He then proceeded to stop all traffic on I-95 so I could pull back on and be on my way...telling me not to stop again till I hit New York with a big grin on his face. 
That was about 30 years ago....and that was my LAST attempt at trailering anything!


----------



## NCC320 (Dec 23, 2008)

camaraderie makes a good point. I'll take it in consideration, if and when I attempt to go from NC to CA with the Catalina 22. The boat belongs jointly to my son and I....he's out there now with no boat, I'm here with a Cat 22 and a Cat 320. It would be nice to get his boat out to him where he could use it.

slimslowslider,

What route did you take. Did you avoid the interstates, or drive on them. And at what speed. I pulled the Cat 22 to Maryland when he was in graduate school and later back to NC, but tried to avoid the interstates because of the traffic and high speeds. Our trailer has just a single axle and I get a bit nervious over about 55 to 60 mph with the trailer....without the trailer, I'll run with the pack at whatever speed they are running.
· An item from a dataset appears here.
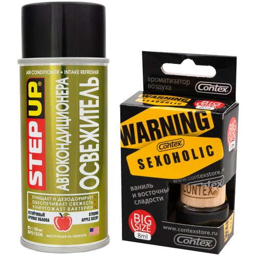 Многие автовладельцы сталкивались с неприятным запахом в автомобиле при включении кондиционера. Появление неприятного запаха может быть связано с накоплением пыли и грязи, а также может быть вызвано размножением бактерий, которые в свою очередь негативно влияют на здоровье человека. Шашка для кондиционера STEPUP поможет Вам эффективно и без разборки очистить систему кондиционирования!Очиститель кондиционера автомобиля STEPUP – это профессиональное средство, для эффективной очистки и дезодорирования узлов и деталей автокондиционера. Очиститель качественно уничтожает накопившиеся в кондиционере вредные вирусы, бактерии и другие микроорганизмы. После применения очистителя из кондиционера поступает чистый и свежий воздух.С помощью ароматизатора дерево CONTEX THE SEX MAFIA Вы дополните эффект от очистки системы вентиляции и сможете обновить аромат в салоне, наполнив его древесно-цветочной свежестью.Из-за удобной формы Вы сможете сами выбрать, где расположить данный ароматизатор. Этот ароматизатор безопасен при использовании на постоянной основе.Преимущества комплекта:Доступная цена;Ароматизатор создаст приятную атмосферу в салоне автомобиля;Комплект из очистителя кондиционера и ароматизатора вернет Вашему салону свежесть;С помощью ароматизатора Вы наполните салон ароматом древесно-цветочной свежести;С помощью очистителя Вы эффективно и быстро устраните неприятные запахи, бактерии, грибковую плесень и причину их появления в будущем.Легкость в применении: очиститель используется без демонтажа салонного фильтра и разборки системы кондиционирования, а сама процедура очистки не займет много времени;Способ применения:1. Закройте окна и двери в автомобиле. Проследите, чтобы в салоне не было людей, животных и личных вещей.2. Включите двигатель и кондиционер, установите заслонки в положение «открытая система», вентилятор – на максимум.3. Для удаления влаги дайте поработать системе в этом режиме 5 минут.4. Включите режим рециркуляции.5. Энергично встряхните баллон.6. Во избежание попадания состава на потолок и обивку салона установите и закрепите баллон на полу рядом с воздухозаборником системы рециркуляции воздуха.7. Нажмите на фиксатор распылителя до щелчка, покиньте салон и закройте двери.8. Через 10–15 минут откройте двери автомобиля для проветривания.9. Установите переключатель заслонок в положение «открытая система», и заглушите двигатель.10. Автомобиль может эксплуатироваться только после полного проветривания.! Рекомендуется применять не реже одного раза в год, а также в период обострения вирусных заболеваний.

So we paid initially (actually the dealer paid) to get the Cat 22 (2001 model) shipped to NC from CA and now we want to carry it back to CA....this boat will log more miles over land than on the water. We've looked at selling here and buying again out there, but the economics don't seem to work out.


----------



## TSOJOURNER (Dec 16, 1999)

Well, Im not the most sensible person,and looking back on the "adventure" I must admit to asking myself what the hell I was thinking.My boat I imagine being a keel boat with 900 lbs ballast is alot heavier than yours.I had modrate faith in the trailer it being brand new with good tires, it also is a single axle and I was constantly watching to see it fly off the highway.That being said there were places out west on Hwy 10 where the road was sweet, I sometimes cruised at 60 plus speed,not real smart!Things got worse after Dallas as there was a lot of road construction,and past New Orleans the road just went to hell,couldnt maintain traffic speed cause the joints in that lousy road caused the trailer to bounce a bit lots of pissed off drivers bhind me.No serious mishaps though and the only damage was the bow bumper on the trailer slipped down out of New Orleans and I wore a little spot of gel coat off the bow.

A Cat 22 should be a piece of cake though.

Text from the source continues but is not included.